CALGARY, AB, March 1, 2023 /CNW/ – Tamarack Valley Energy Ltd. (“Tamarack” or the “Company“) is pleased to announce its audited financial and operating results for the three months and year ended December 31, 2022 and the results of Tamarack’s year end independent oil and gas reserves evaluation as of December 31, 2022 (the “Reserve Report“), prepared by Tamarack’s independent qualified reserves evaluator, GLJ Ltd. (“GLJ“). Selected reserves, financial and operating information is outlined below. Selected financial and operating information should be read with Tamarack’s audited annual consolidated financial statements and related management’s discussion and analysis for the three and twelve months ended December 31, 2022, which are available on SEDAR at www.sedar.com and on Tamarack’s website at www.tamarackvalley.ca. The Company’s Annual Information Form (AIF) for the year ended December 31, 2022  is available on SEDAR and the Company’s website.

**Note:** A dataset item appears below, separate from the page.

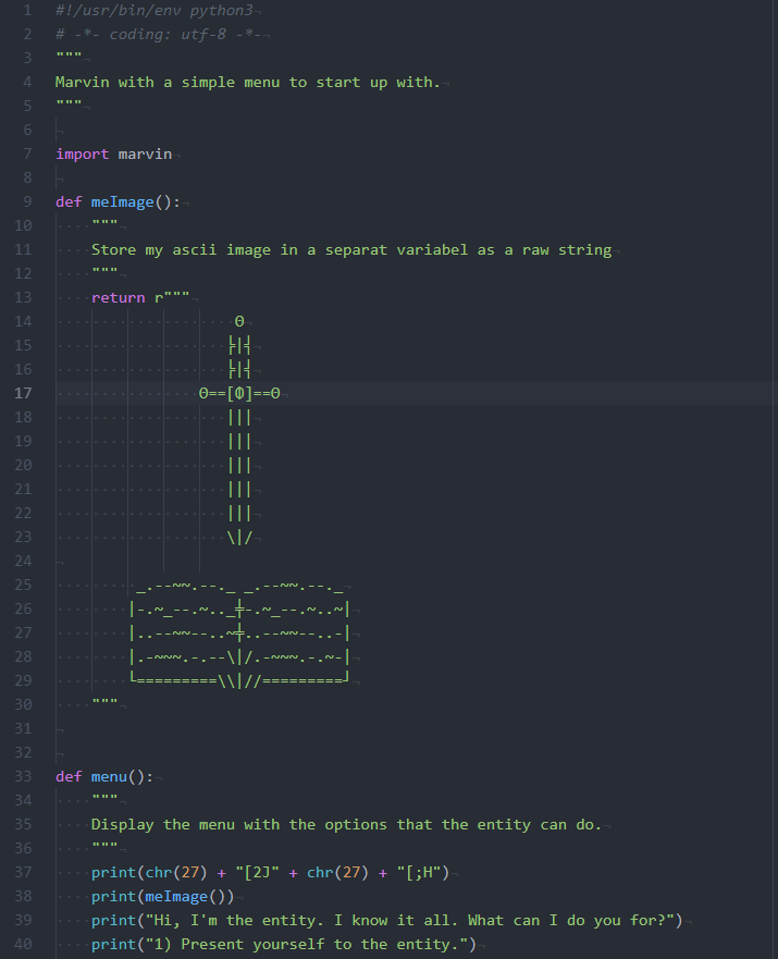 - Gör uppgiften Marvin - steg 2 för att visa att du har koll på hur man kan strukturera sitt program genom att använda funktioner. Spara alla filer under
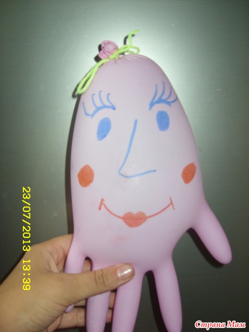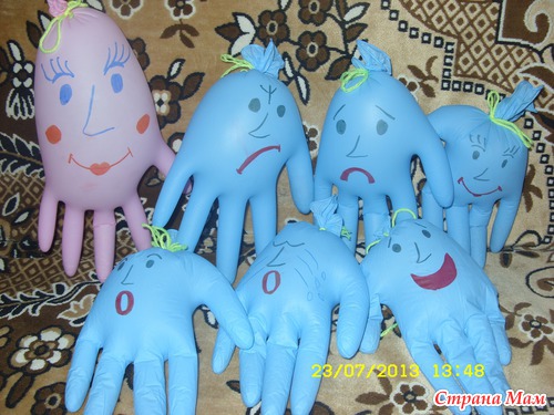 А больше всего меня поразило, когда я из розовой перчатки сделала еще одного человечка - девочку, и все думала что про нее рассказать ребенку ( она такая гламурная розовая, влюбленная ), Дима мне заявил, что это их мама и она всегда добрая!!! Было приятно...

Tamarack Valley Energy (CNW Group/Tamarack Valley Energy Ltd.)

Message to Shareholders

2022 represented a year of continued transformation and operational execution as we drove towards the goal of repositioning our business into the most profitable oil plays in North America. Tamarack completed and integrated three material Clearwater acquisitions, positioning the Company as a major producer in the Clearwater oil play. Furthermore, the divestment of two non-core assets contributed to the strategic rationalization of our asset portfolio moving forward. Together with our ongoing base asset development, our net $1.7 billion of 2022 acquisition and disposition (A&D) transactions resulted in a year over year fourth quarter production increase of 59% while also achieving an uplift in our corporate liquids weighting from 69% (Q4 2021) to 82% (Q4 2022).

2022 was a record year for financial performance with $727.1 million of adjusted funds flow(1) and $268.5 million of free funds flow(1) (excluding acquisition expenditures), which enabled the return of capital to shareholders and established a strong financial position that provided a foundation for the accretive and transformational 2022 acquisitions.  During the year, we initiated a return of capital framework with our inaugural base dividend and subsequent 50% growth of monthly dividends through the year from $0.0083/share to $0.0125/share. This increase was enabled by the highly accretive Clearwater acquisitions which strengthened the free funds flow(1) outlook in the corporate five-year plan.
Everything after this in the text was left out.